Objective reality is more illusion than substantive. Every magician knows that how we perceive something is often determined less by what we see and otherwise sense than by what goes on in our brains. Neurologist V.S. Ramachandran’s engaging book Phantoms in the Brain brilliantly supports that claim. He cites numerous examples showing how the brain generates illusory renderings of reality.
One of the most common examples of illusory reality is the phantom limb problem that amputees experience. When a legless person feels an itch on an ankle he no longer has it’s because certain neurons in the brain devoted to the missing limb haven’t noticed its absence.
Ramachandran tells of one patient whose brain injury from an auto accident prevents him from recognizing his parents even though he has no trouble remembering and recognizing anyone else.
Another patient does who suffered a right brain stroke denies the paralysis of the left side of her body caused by the stroke. When asked to raise her left arm resting inertly in her lap she said it wasn’t her arm. It belonged to mother who left it in the hospital years ago. Oddly, however, when several drops of cold water were deposited in her left ear, she became fully aware of her paralysis: “Doctor, I can’t raise my left arm because I had a stroke,” she protests when asked to raise it. She remains fully aware of her paralysis for two to 30 minutes after receiving the water drops. Then, she loses all awareness of her paralysis as well as the brief interlude of awareness after the cold water was deposited in her ear.
So you might say that such cases bear no relationship to how you or any other normal person internalizes reality. However, those cases are merely extreme examples in support of the proposition that normal or otherwise our perceptions are fundamentally subjective, meaning our brains ultimately determine what we see.
Take the optical illusion shown here. You perceive the inner
circle in the cluster of small circles as larger than the inner circle in the cluster
of large circles. The reality is that the inner circles are equal in size. But
because the brain relies on comparisons for much of its work, it reckons the size
of the inner circle as a proportion of the size of the individual circles in
the cluster that surrounds it.
We can draw from this visual illusion an important principle: The brain’s rendering of an object, condition, concept or idea is influenced by comparisons it makes as part of its efforts to understand what it processes.
This principle has been demonstrated in countless research studies. Economist Dan Ariely tells of a number of such studies he has conducted. In one study Lindt chocolate truffles were sharply discounted from 35 cents to 15 cents and Hershey kisses were more modestly discounted to one cent in reflection of significant qualitative differences between the two candies. About 73 percent of the study’s participants chose the heavily discounted higher quality Lindt. But when the Hershey kisses were offered for FREE! against the Lindt truffle now priced at 14 cents, 69 percent of participants chose the qualitatively less impressive Hershey kisses. They apparently figured that FREE! was a better deal than a 14 cent Lindt truffle despite the fact that the effective price difference was no different than when they had the option of a 15 cent Lindt truffle or a one cent Hershey kiss.
This experiment and many more are discussed in Ariely’s provocative new book, Predictably Irrational: The Hidden Forces that Shape Our Decisions. I enthusiastically recommend Ariely’s book to anyone involved in product pricing in any category. You will likely come away from this read with a better handle on how to price products.
Classical economics has rested on a premise that Ariely shatters to smithereens. For well over two hundred years economists have based their thinking on the premise that marketplace trends are determined by the rational behavior of people acting in their own interests. This in fact is the keystone of Adam Smith’s book The Wealth of Nations, the Old Testament of capitalism.
Ariely is not the first to challenge the rational man premise of classical economics. A whole new subfield called behavioral economics has taken root because some brave-minded stalwarts in the dismal science decided the emperor was stark naked.

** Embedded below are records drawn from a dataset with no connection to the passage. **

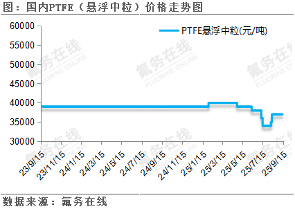 2023年-2025年国内PTFE(悬浮中粒)价格走势图
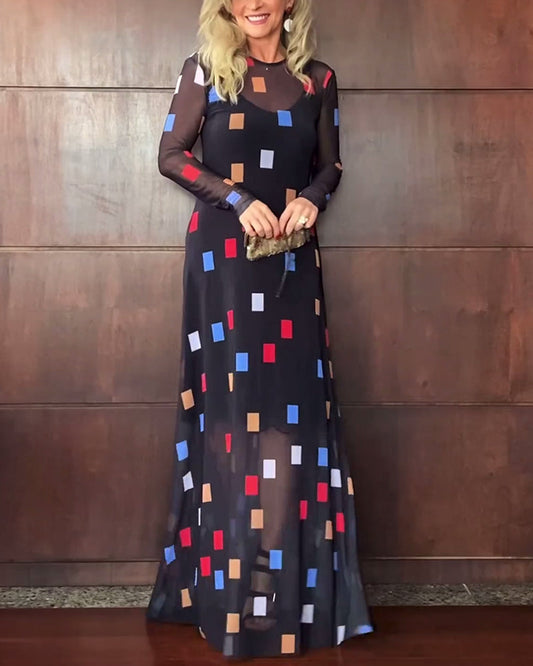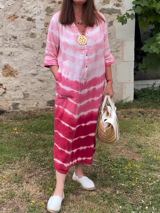 Kvinners Casual Gradient Tie Dye Print Langermet Kjole
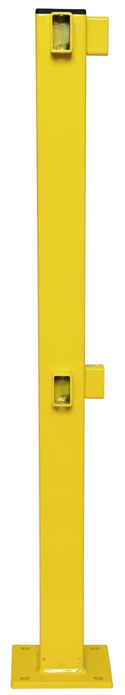 Rammschutzgeländer, Standpfosten für Anfang und Ende, 70x70 mm, Höhe 1000 mm, gelb kunststoffbeschichtet E6010788
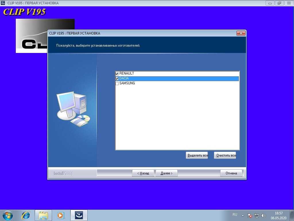 9. Ставим «птички» в требуемых пунктах (при установке я оставил марки Renault и Dacia, но Вы можете выбрать все) и жмем кнопку «Далее».
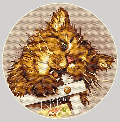 Вот это мордашка! На моего похож, но он не грызет станок, а только трется об него и мулине крадет, если не спрятать
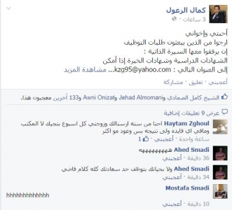 نشر النائب كمال الزغول منشورا على صفحته الفيسبوكية طالب خلاله الراغبين بالتوظيف ارسال طلبات التوظيف مرفقة بالسيرة الذاتيه على ايميله الشخصي الذي نشره ايضا .
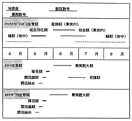 (2)防除の重点を果実への産卵防止に置き、産卵初期またはその直前から樹冠散布を始め、その後産卵終息期までほぼ1週間おきに3〜4回実施するのが効率的である。
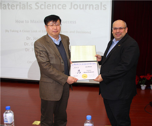 在报告会上,来自全球历史最悠久、最知名的学术出版商之一Wiley集团的三位教授被聘为“中国科学院长春应用化学研究所客座教授”,长春应化所所长安立佳研究员为他们颁发了聘任证书。
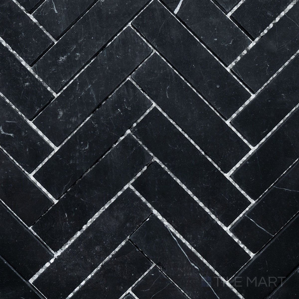 Negro Marquina Marble 1X4 Herringbone Honed Mosaic
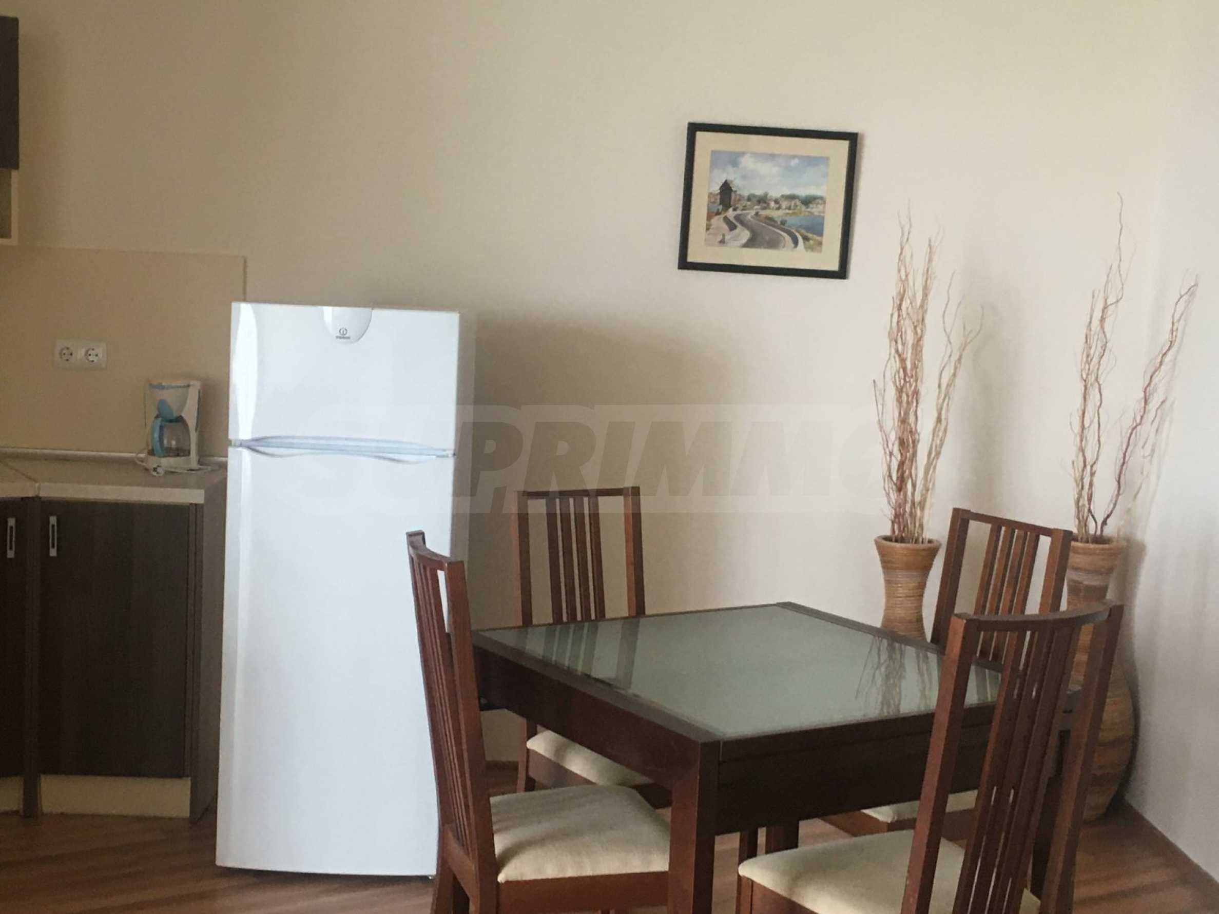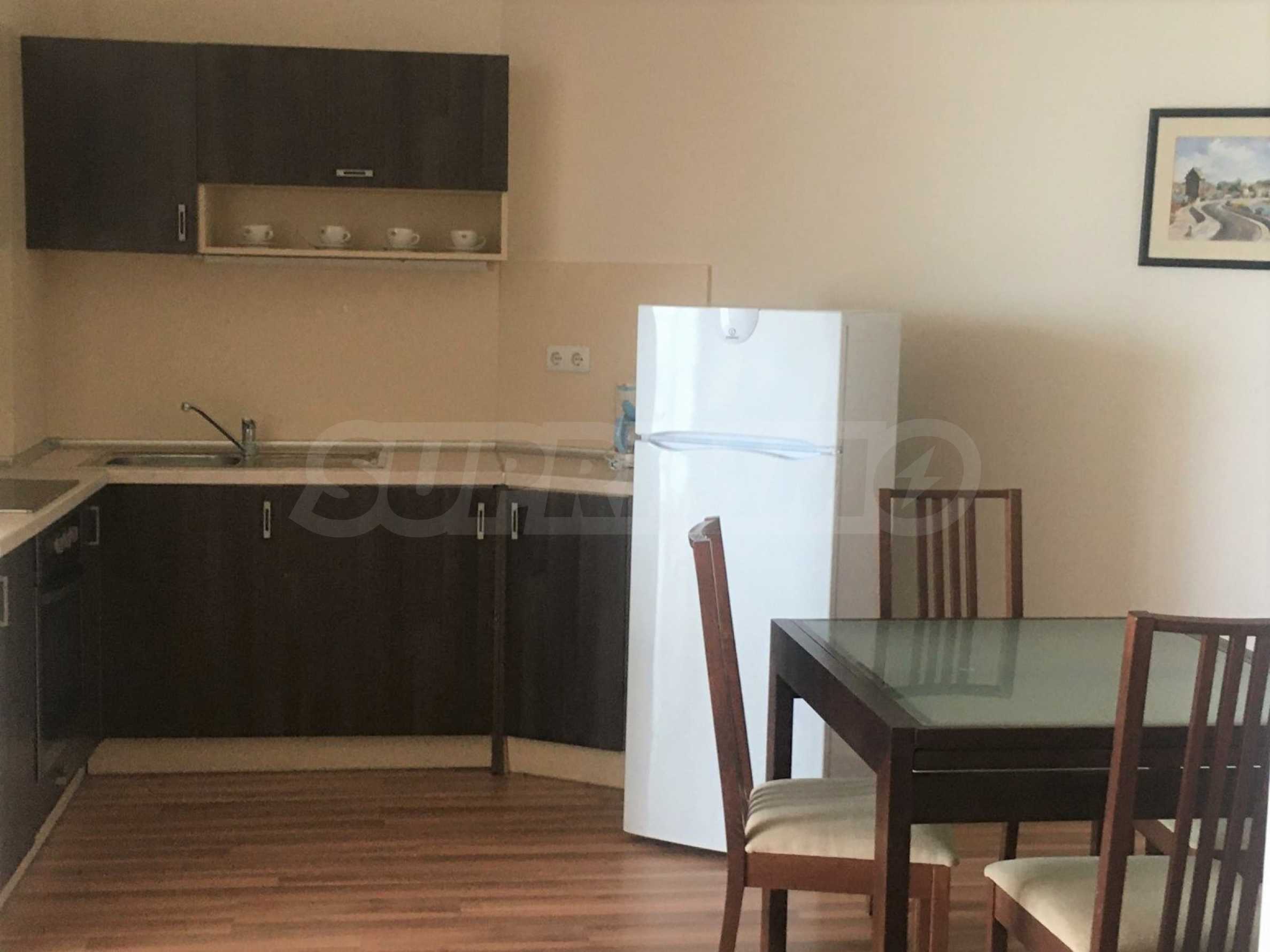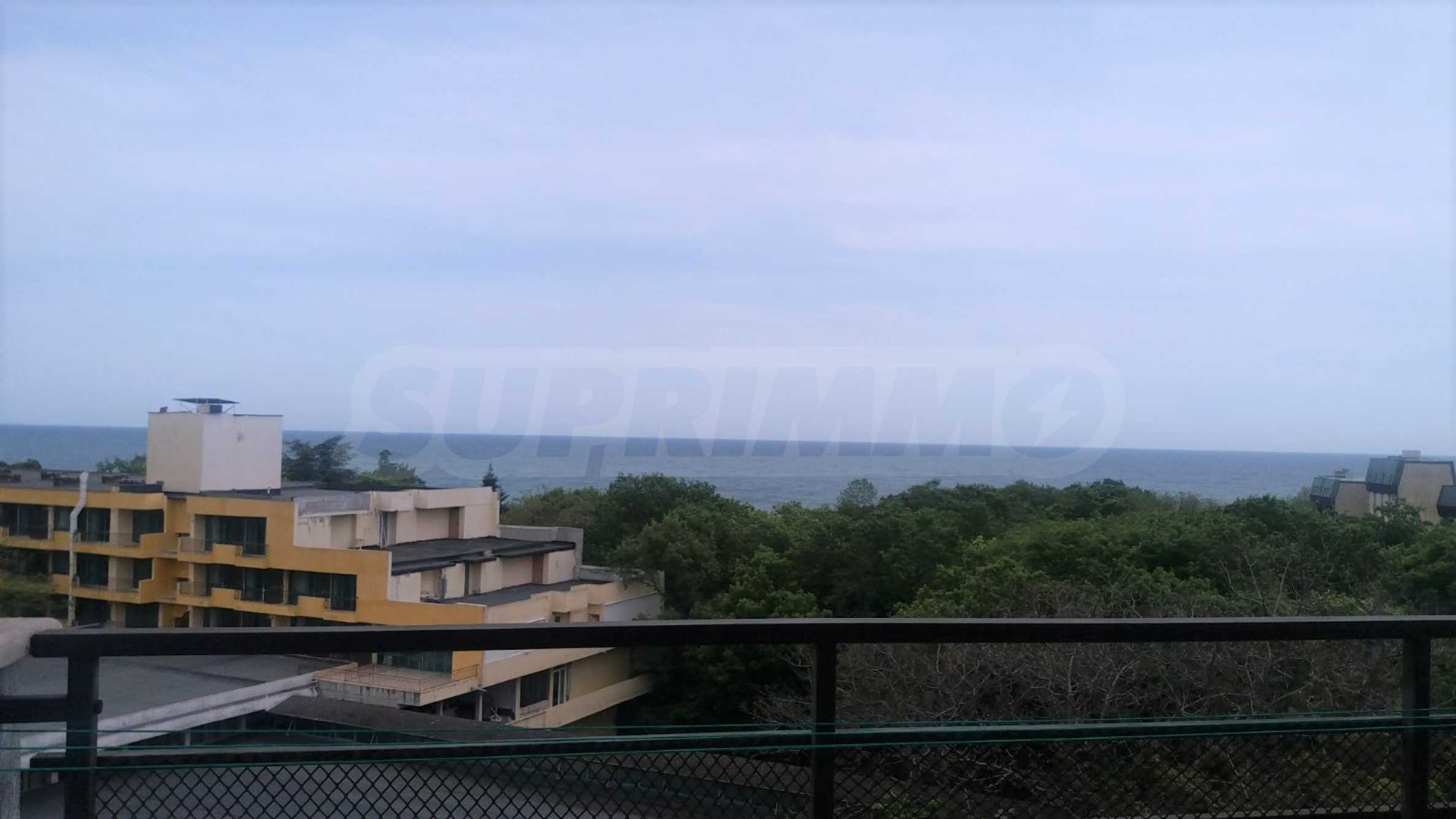 Намира се на 5-и етаж и има обширна тераса с приятна гледка към зеленината на курорта и морето. Панорамата е фронтална, терасата е прекрасно място за отдих на открито.
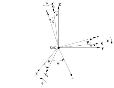 Figura 2 Rotación de los ángulos Tai-Bryan del sistema de coordenadas inercial al sistema de coordenadas fijado al helicóptero
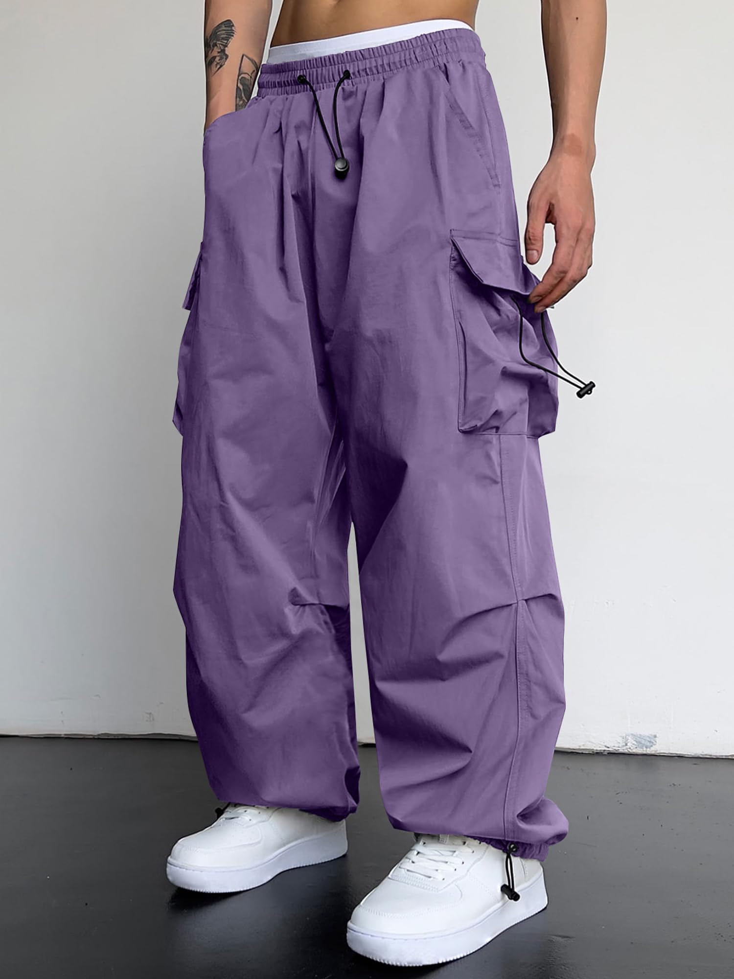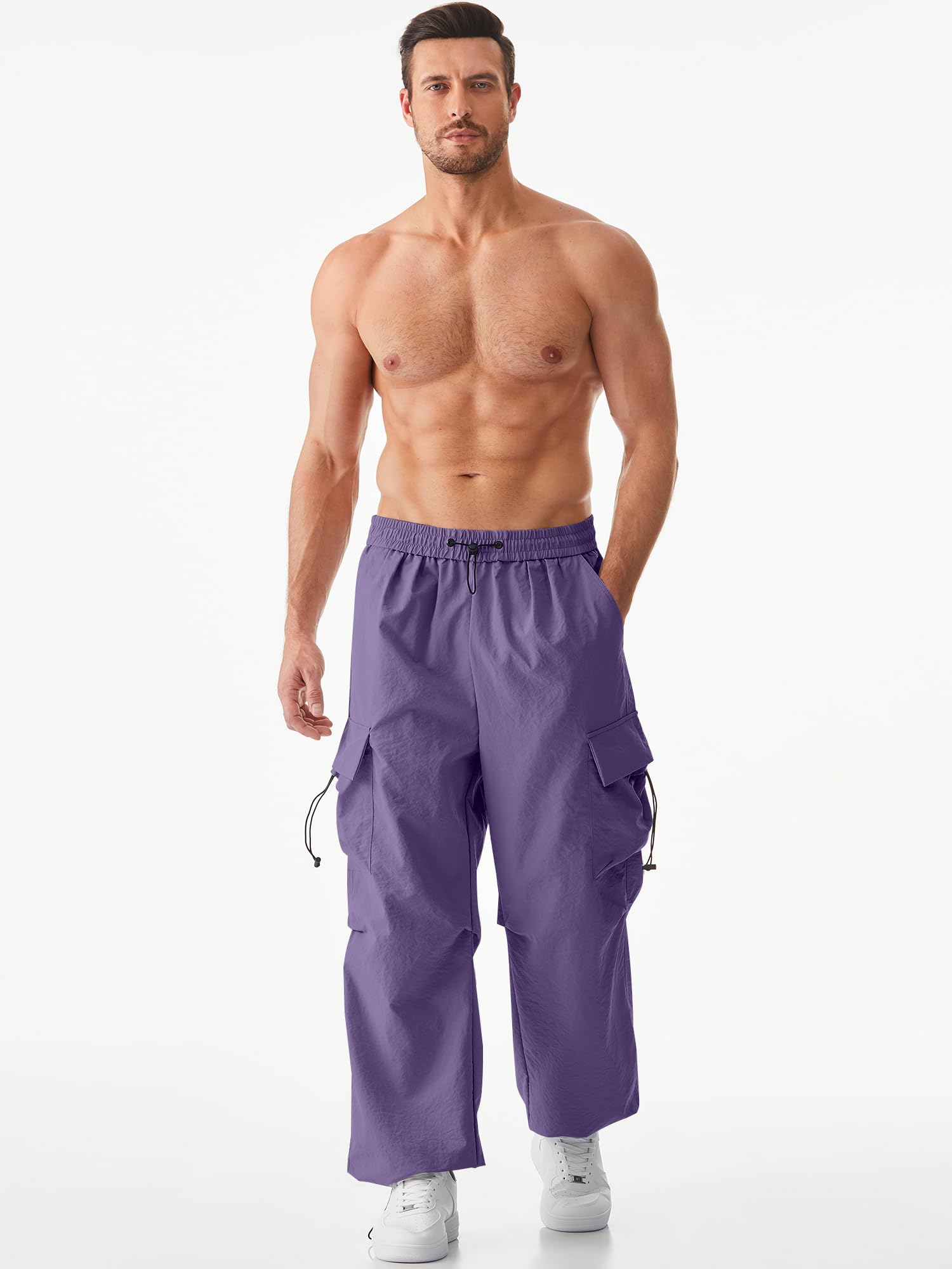 Trendy Design: JMIERR's men's cargo pants blend parachute pants design with a wide flare leg, reminiscent of 90s hippie grunge style. Featuring a unique and bold look, these pants include an elastic waistband, adjustable drawstrings, and 4 pockets, making them a super chic addition to any stylish men's wardrobe.

The notion that marketplace trends reflect the outcome of human reasoning in an objectively fathomable world is every bit as illusory as the appearance that the earth is more or less flat.
Michael Mandel, writing in BusinessWeek, says about another book debunking the rational man
theory of classical economics, Animal Spirits: How Human Psychology Drives
the Economy, and Why It Matters for Global Capitalism by Nobel laureate George Akerlof and Yale
economist Robert Shiller who is well-known for the Case-Shiller Home-price Index:
“The two superstars have produced a truly innovative and bold work that attempts to show how psychological factors explain the origins of the current mess and offer clues for possible solutions. At a time when plummeting confidence is dragging down the market and the economy, the authors' focus on the psychological aspect of economics is incredibly important.”
The cat is out of the bag, so to speak. I would expect to start seeing more accurate economic projections in the future now that such prominent economists as those who wrote the books I’ve cited in this post have revealed just how naked the rational man theory is.